To understand how the correlation between total usage and total citations changes over the first 12 months after an article is published, we ran another set of Spearman correlation tests. We ran a Spearman test between the total citation counts at the end of the second year and the cumulative ‘HTML + PDF usage’ at the end of each of the months from month 2 to month 12, we thus produced 33 test results, across the three groups of ‘All articles’, ‘Bio-Health’ and ‘Phys-Earth’ (Table 6).

Table 6 Spearman correlation coefficients (and their confidence intervals) of cumulative ‘HTML + PDF usage’ counts at each month from 2 to 12 and total citations at the end of the second year after publication, categorized into ‘All articles’, ‘Bio-Health’ and ‘Phys-Earth’

As would be expected, due to the cumulative nature of the counts used in these correlation tests, the coefficients across all groups increase as the number of months increases, but it is notable that there is a period of increase across all groups which then levels off. For the ‘All articles’ group, the coefficient increases steadily over the first 7 months after publication and levels out momentarily at month 8 and 9, increases to 0.49 at month 10 and stays at this rate until the end of the 12-month period (as can be seen in Fig. 4). From this levelling off at 10 months at a coefficient value of 0.49, we can reasonably make the assertion that 10 months after publication it is possible to utilize usage to (at least partially) understand the level of citations an article will receive in comparison to other articles of the same age. As the correlation is only moderate (and strong for ‘Phys-Earth’ articles) according to Cohen (1988)’s standard, one cannot predict the number of citations at the end of the second year after publication purely based on the usage accrued at 10 months; however, one could reasonably state that an article with higher usage at 10 months is likely to have more citations after 24 months.

Fig. 4
figure 4

Distribution of correlation coefficients between total citations and cumulative usage for months 2–12 after publication (‘All articles’ group)

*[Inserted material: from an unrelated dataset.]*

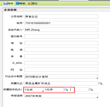 1.维护企业信息,菜单路径“我的系统/基础数据/企业信息”:

The increase of coefficients for ‘Bio-Health’ articles levels off much sooner than the other two groups (as seen in Fig. 5). The correlation coefficient for this group of articles at the beginning of the timeframe does not reach the same level as the other groups (so the correlation between usage and citations is weaker for these articles), but it does level off at an earlier time. After an article has been available for six months, the coefficient levels off at 0.43 and stays at this level until month 12. This means that some relationship between usage and citations for ‘Bio-Health’ articles can be stated by month six, but as the coefficient is lower for this group (and so the correlation moderate), the confidence one can have in making these assumptions is lower than with the other groups of articles.

Fig. 5
figure 5

Distribution of correlation coefficients between total citations and cumulative usage for months 2–12 after publication (‘Bio-Health’ group)

Fig. 6
figure 6

Distribution of correlation coefficients between total citations and cumulative usage for months 2–12 after publication (‘Phys-Earth’ group)

Finally, for ‘Phys-Earth’ articles (Fig. 6) we see a similar increase in coefficient levels as in the other groups, albeit starting from a higher value (0.42 at month 2). As for the ‘All Articles’ group, the coefficients of the ‘Phys-Earth’ articles level off between month 8 and month 9 and then again between month 10 and month 11, with a slight increase at month 12, ending with a coefficient of 0.53. This final coefficient is considerably higher than the one of the ‘Bio-Health’ group, which may suggest that we need to look at usage counts beyond the first year before the rate of increase of this correlation levels off completely. This higher coefficient at month 12 enables us to make a more comfortable assertion that the rate of usage in the first year for an article can be related to the level of citations that the article will have two years after publication.

Based on these correlation tests of citation and usage (for all articles and the different usage and subject area groups within our dataset), we can confidently say that there is a moderate correlation between the level of usage in the first 12 months since publication and the number of citations 24 months after publication. Moreover, general assumptions can be drawn 10 months after publication about the level of citations an article will have after two years (in relation to similarly-aged articles); this can likely start by month 6–7 for ‘Bio-Health’ articles, but can be drawn with more confidence for ‘Phys-Earth’ articles.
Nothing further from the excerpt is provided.